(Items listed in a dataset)

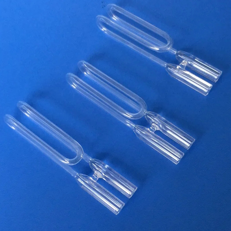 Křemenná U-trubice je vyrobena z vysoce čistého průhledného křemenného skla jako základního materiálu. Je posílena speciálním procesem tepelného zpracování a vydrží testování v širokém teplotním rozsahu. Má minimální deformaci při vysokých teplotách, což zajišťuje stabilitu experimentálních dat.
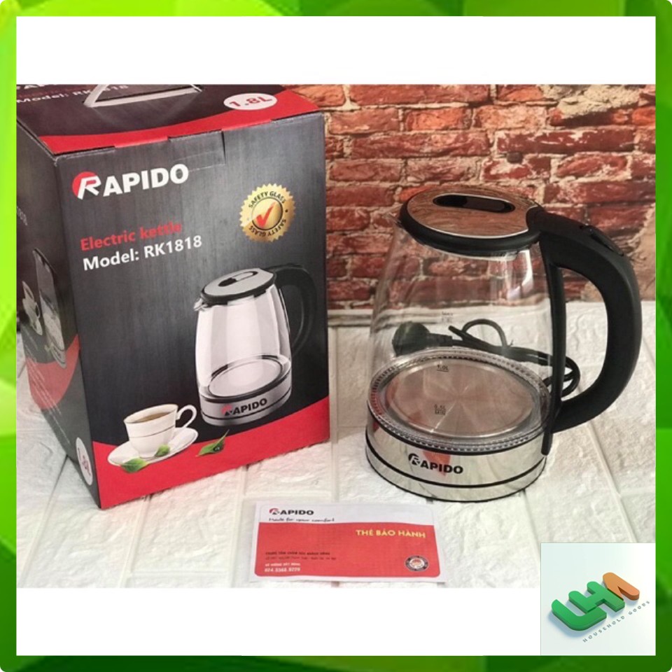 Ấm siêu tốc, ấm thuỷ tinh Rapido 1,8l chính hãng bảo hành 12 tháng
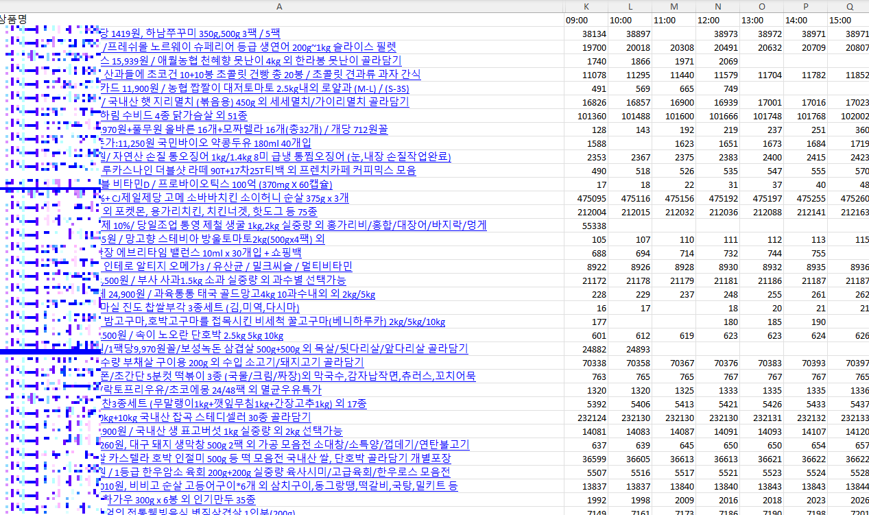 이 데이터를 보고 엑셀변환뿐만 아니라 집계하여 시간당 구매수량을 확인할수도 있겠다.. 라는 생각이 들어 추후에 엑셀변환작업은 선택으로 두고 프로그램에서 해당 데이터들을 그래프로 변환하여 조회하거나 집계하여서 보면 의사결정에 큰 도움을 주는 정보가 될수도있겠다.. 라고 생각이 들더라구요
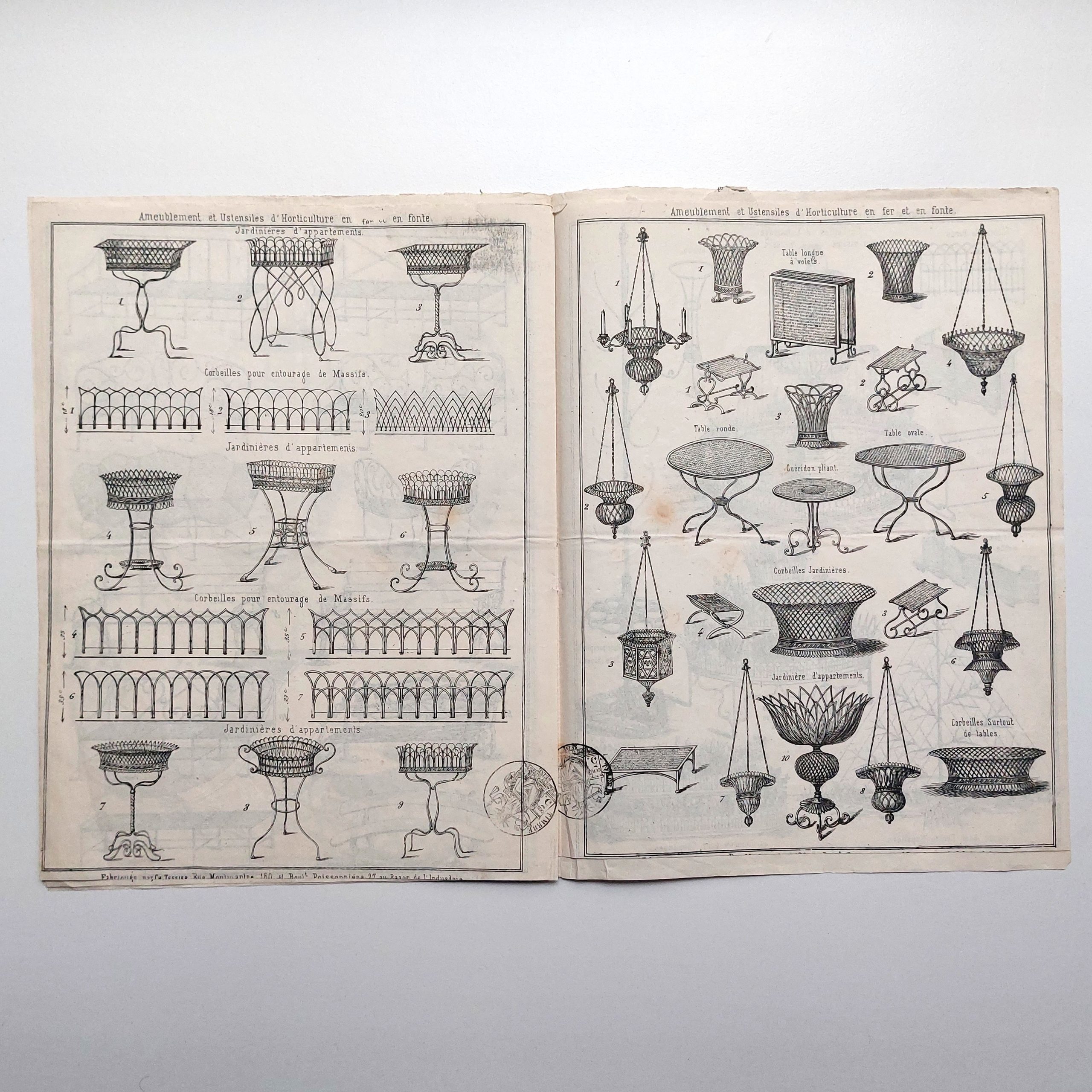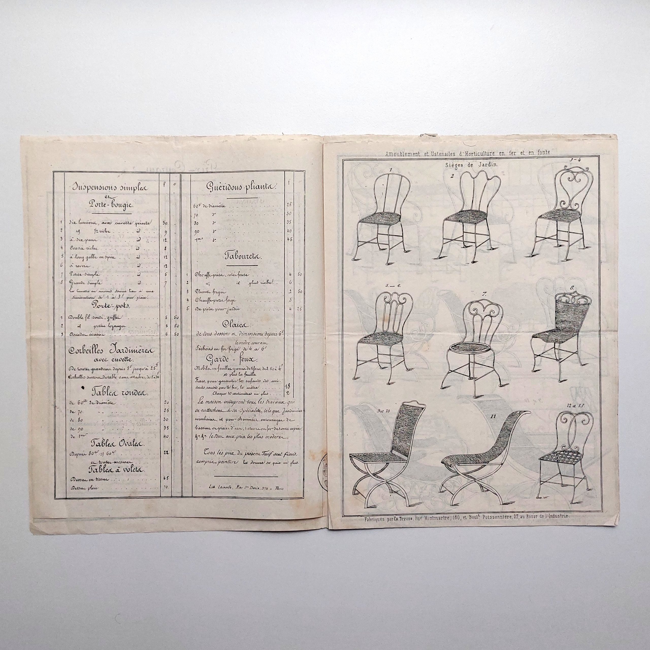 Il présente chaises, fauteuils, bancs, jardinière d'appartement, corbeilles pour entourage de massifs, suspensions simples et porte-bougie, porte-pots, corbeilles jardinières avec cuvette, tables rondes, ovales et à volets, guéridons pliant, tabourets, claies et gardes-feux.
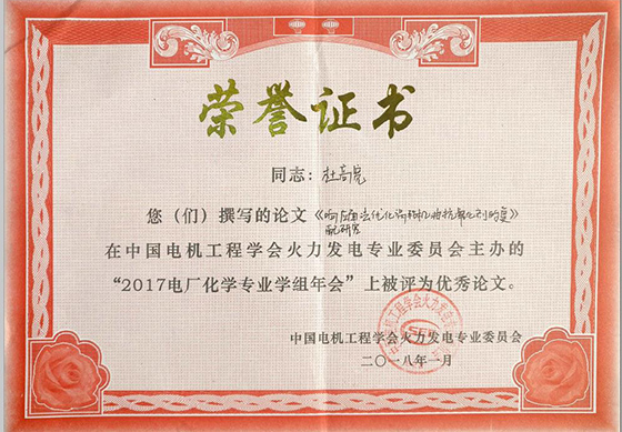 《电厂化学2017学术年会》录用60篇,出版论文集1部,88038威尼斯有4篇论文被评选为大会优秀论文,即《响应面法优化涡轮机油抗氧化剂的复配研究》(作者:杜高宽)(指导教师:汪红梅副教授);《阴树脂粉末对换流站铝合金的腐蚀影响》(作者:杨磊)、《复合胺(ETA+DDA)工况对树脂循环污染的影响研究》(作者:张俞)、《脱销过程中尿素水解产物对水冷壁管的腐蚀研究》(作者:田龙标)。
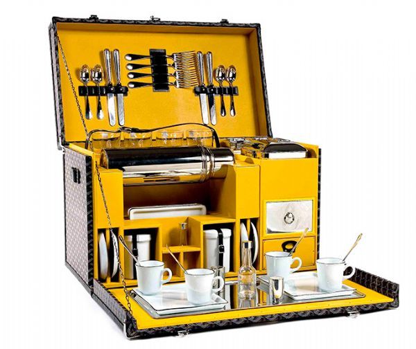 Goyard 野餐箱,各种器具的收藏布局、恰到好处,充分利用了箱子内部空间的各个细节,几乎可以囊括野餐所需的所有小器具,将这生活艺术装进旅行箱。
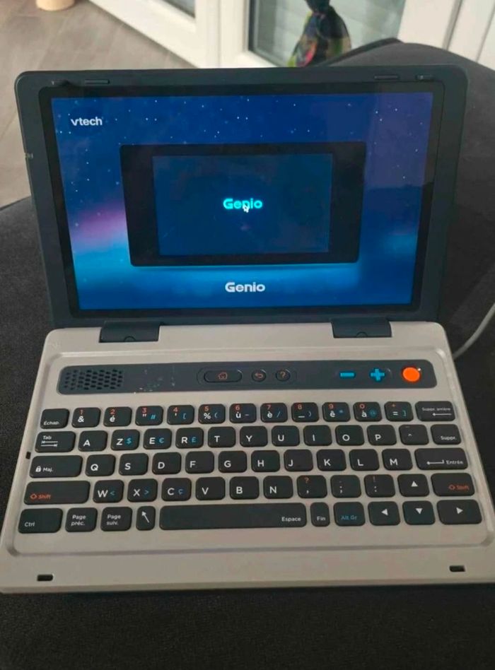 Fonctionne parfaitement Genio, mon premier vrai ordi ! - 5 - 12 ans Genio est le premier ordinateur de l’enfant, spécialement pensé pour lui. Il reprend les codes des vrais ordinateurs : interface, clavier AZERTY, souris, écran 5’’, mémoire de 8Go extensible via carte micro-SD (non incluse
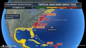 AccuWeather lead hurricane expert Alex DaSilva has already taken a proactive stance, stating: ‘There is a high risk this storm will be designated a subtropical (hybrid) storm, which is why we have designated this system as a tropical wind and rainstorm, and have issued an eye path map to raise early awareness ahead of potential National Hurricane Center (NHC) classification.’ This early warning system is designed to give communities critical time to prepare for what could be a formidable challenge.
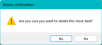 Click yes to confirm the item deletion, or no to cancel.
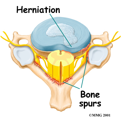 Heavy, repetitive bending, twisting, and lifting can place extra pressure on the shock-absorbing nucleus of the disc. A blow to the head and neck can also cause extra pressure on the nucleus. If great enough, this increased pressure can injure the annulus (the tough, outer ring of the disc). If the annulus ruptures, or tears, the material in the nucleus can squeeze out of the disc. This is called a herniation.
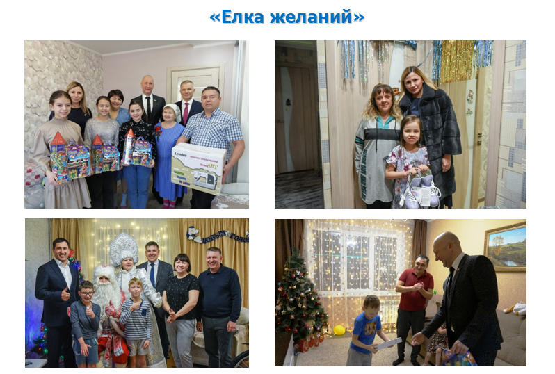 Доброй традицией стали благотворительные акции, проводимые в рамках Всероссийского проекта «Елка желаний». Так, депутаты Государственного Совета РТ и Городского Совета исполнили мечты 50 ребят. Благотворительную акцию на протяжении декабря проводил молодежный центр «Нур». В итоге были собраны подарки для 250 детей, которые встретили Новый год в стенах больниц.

Instructions for the task:
Whatever pictures the records hold, omit them; give again exactly the lines from the one containing "AccuWeather lead hurricane" through the one containing "Click yes to".

Problem solution:
 AccuWeather lead hurricane expert Alex DaSilva has already taken a proactive stance, stating: ‘There is a high risk this storm will be designated a subtropical (hybrid) storm, which is why we have designated this system as a tropical wind and rainstorm, and have issued an eye path map to raise early awareness ahead of potential National Hurricane Center (NHC) classification.’ This early warning system is designed to give communities critical time to prepare for what could be a formidable challenge.
 Click yes to confirm the item deletion, or no to cancel.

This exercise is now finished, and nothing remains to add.